Which Projects?

How do projects work?

The projects within FTDNA can be very useful to understand more of one’s results, and to get help with questions. The projects are run by unpaid volunteers, and many spend much of their available time helping genealogists who use DNA-tests in their research.

The projects function both as a service to the testers, and as a database of results. By joining the right projects you contribute to everyone’s knowledge, and you can follow the development as new information is found.
FTDNA my projects

Projects collecting Y-DNA and/or mtDNA present their results to the public like this:

The lists show kit number, information about the earliest known ancestors, and your numbers/results. They do not reveal who you are.

Note that some projects show members’ current surnames. It is part of the project settings chosen by the administrators, and you can contact them to request the surnames to be hidden in the public lists. The Norway DNA project does not reveal current surnames, only Most Distant Ancestors, to ensure members’ privacy.

There are no limits to how many projects you can join. Independent of project membership, you will get matches with anyone tested by FTDNA. You might however consider that as a project member you give project administrators access to your information. Members of an irrelevant project will typically be placed under a category called “Other” or similar, so there is no real contribution to the public lists or the project goals.

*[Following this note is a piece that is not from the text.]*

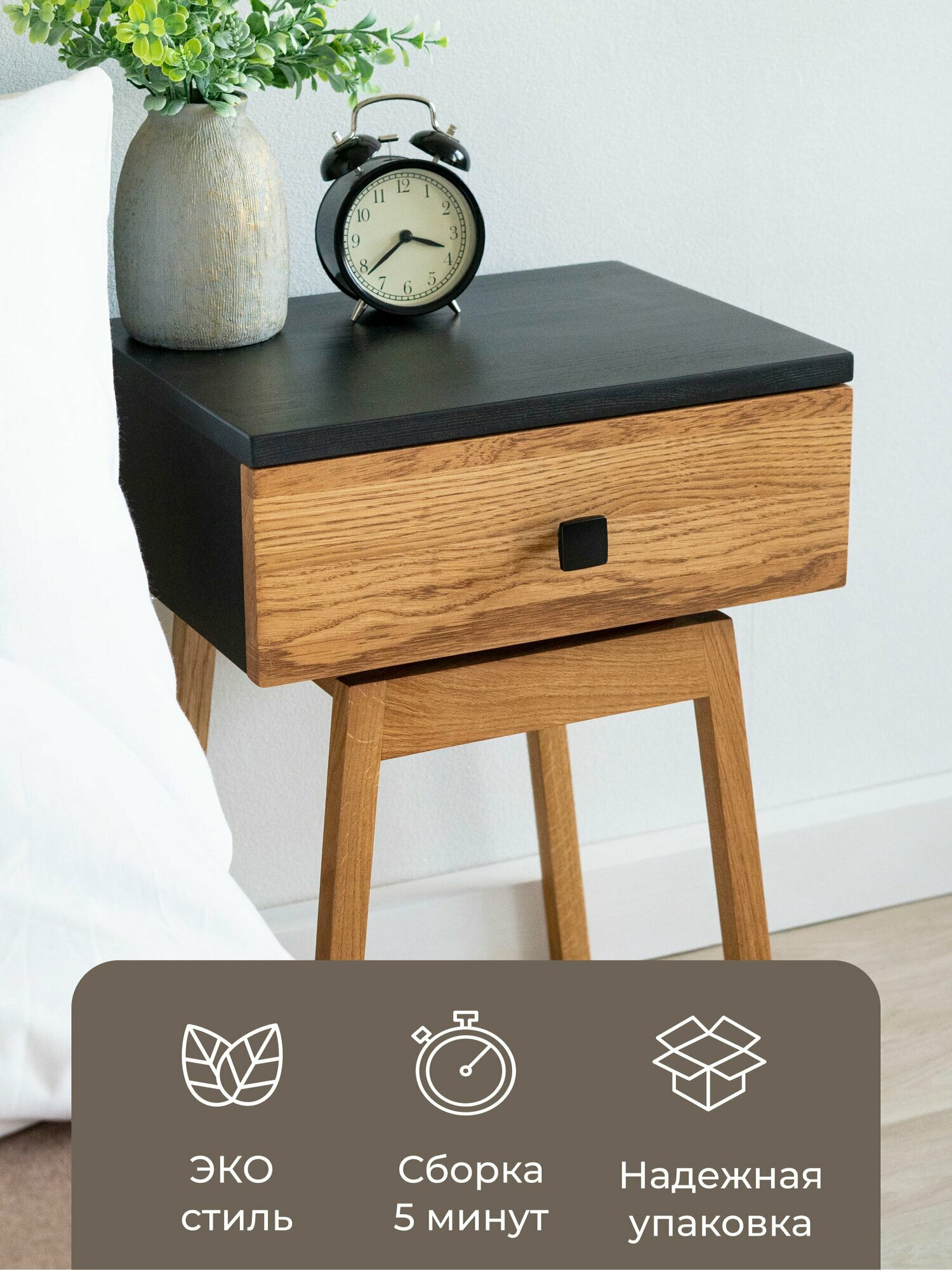 Тумба прикроватная Hugo из натурального дерева - массив сосны и березы, фасад и ножки дуб. Высота 45 см. Размер корпуса 30х39х15 см. Цвет: черный, орех. Ручка: квадратная

It seems many people are members of the “wrong” projects, and not those that are most relevant for them. Join the best geographical projects, and very important: the relevant haplogroup projects, to learn more about your haplogroup and subclade.

What is a well run project?

  • informative webpage with links to more information
  • practical boundaries and framework for the project
  • no large number of unsorted tests
  • haplogroup projects show the SNP-results for their members
  • several administrators who collaborate
  • sensible and good categories for Y- and mtDNA

Oljelandet

The Norway DNA Project

Everyone with known Norwegian ancestry or living in Norway should be members of our common Norwegian DNA project.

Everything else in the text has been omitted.